## THE TASK
With the pictures left out, please write out exactly each line from the one containing "U čeitiri nesreće" through the end of the material.

## AVAILABLE DATA

+ + + +

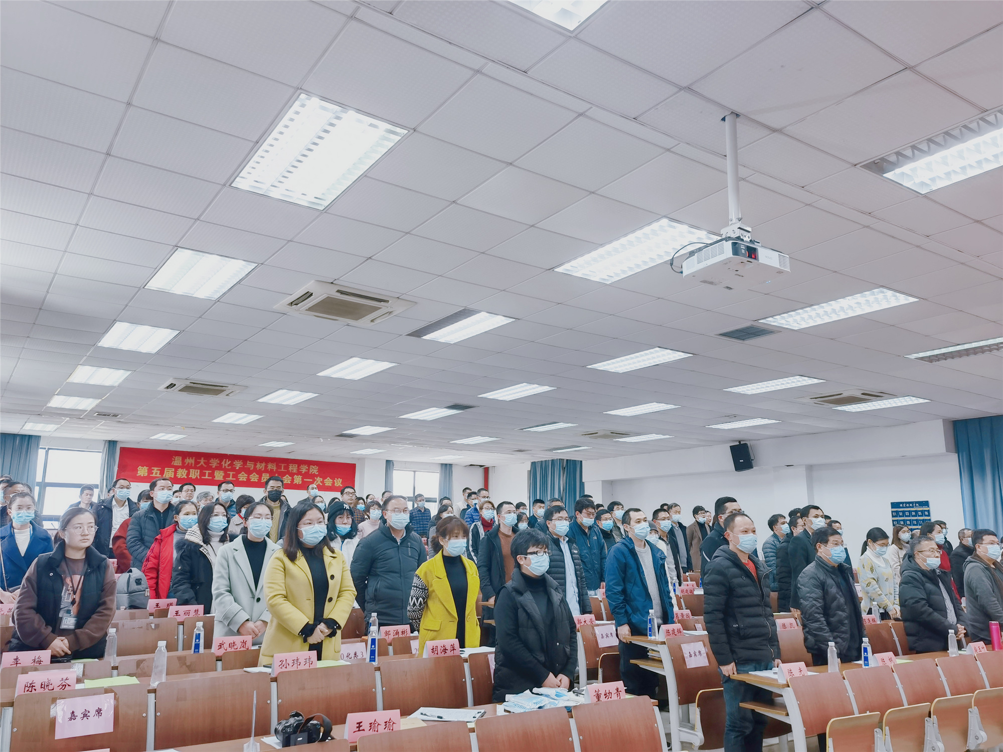 第五届教职工暨工会会员大会第一次会议在南校区11C-401召开,学院全体教职工出席大会。
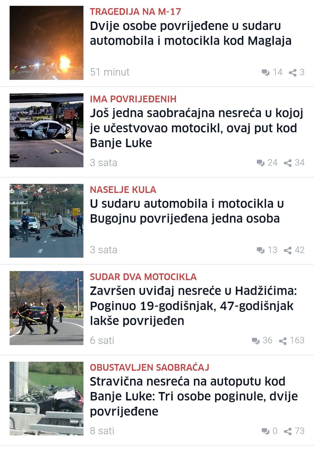 U čeitiri nesreće motori uključeni, ne volim ih u saobračaju sresti, večina ih brzo i divlje vozi.
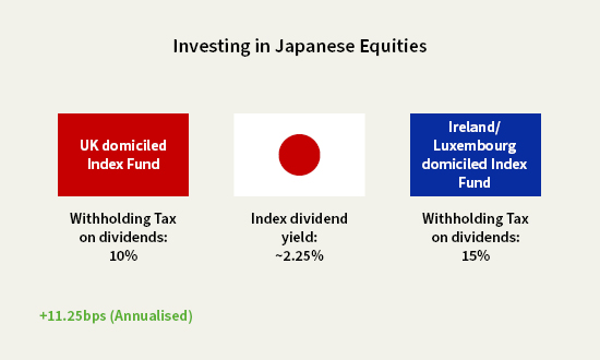 A fund’s domicile, i.e. the country where it's officially registered, will impact the financial rules that the fund has to follow and can significantly impact the operations of the fund. This can have a larger-than-expected impact on returns, often due to how the fund is taxed and the presence of tax treaties between nations. For a passive fund investor, focusing only on TER and not considering domicile can often mean missing out on improved returns from preferring one domicile over another, which in some cases can mean performance impacts larger than the TER saving. A stylised example for a Japanese equity index fund is given below, where a UK-domiciled fund would achieve a 11.25bps annualised performance improvement, simply due to a more favourable withholding tax treaty, versus an index fund domiciled in Ireland or Luxembourg, all else being equal.
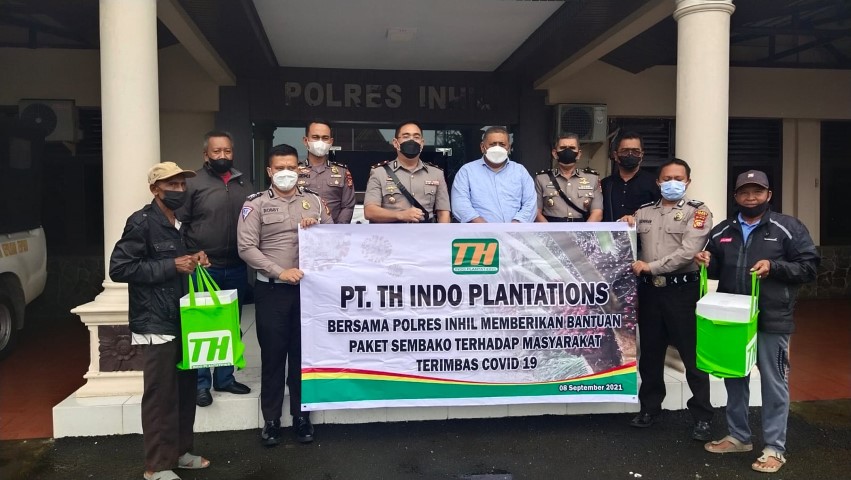 INHIL,- PT. TH Indo Plantation (THIP) dan Polres Inhil kembali salurkan bantuan paket sembako kepada masyarakat terdampak Covid-19, di Kabupaten Inhil.

+ + + +

## EXERCISE RESPONSE
 U čeitiri nesreće motori uključeni, ne volim ih u saobračaju sresti, večina ih brzo i divlje vozi.
 A fund’s domicile, i.e. the country where it's officially registered, will impact the financial rules that the fund has to follow and can significantly impact the operations of the fund. This can have a larger-than-expected impact on returns, often due to how the fund is taxed and the presence of tax treaties between nations. For a passive fund investor, focusing only on TER and not considering domicile can often mean missing out on improved returns from preferring one domicile over another, which in some cases can mean performance impacts larger than the TER saving. A stylised example for a Japanese equity index fund is given below, where a UK-domiciled fund would achieve a 11.25bps annualised performance improvement, simply due to a more favourable withholding tax treaty, versus an index fund domiciled in Ireland or Luxembourg, all else being equal.
 INHIL,- PT. TH Indo Plantation (THIP) dan Polres Inhil kembali salurkan bantuan paket sembako kepada masyarakat terdampak Covid-19, di Kabupaten Inhil.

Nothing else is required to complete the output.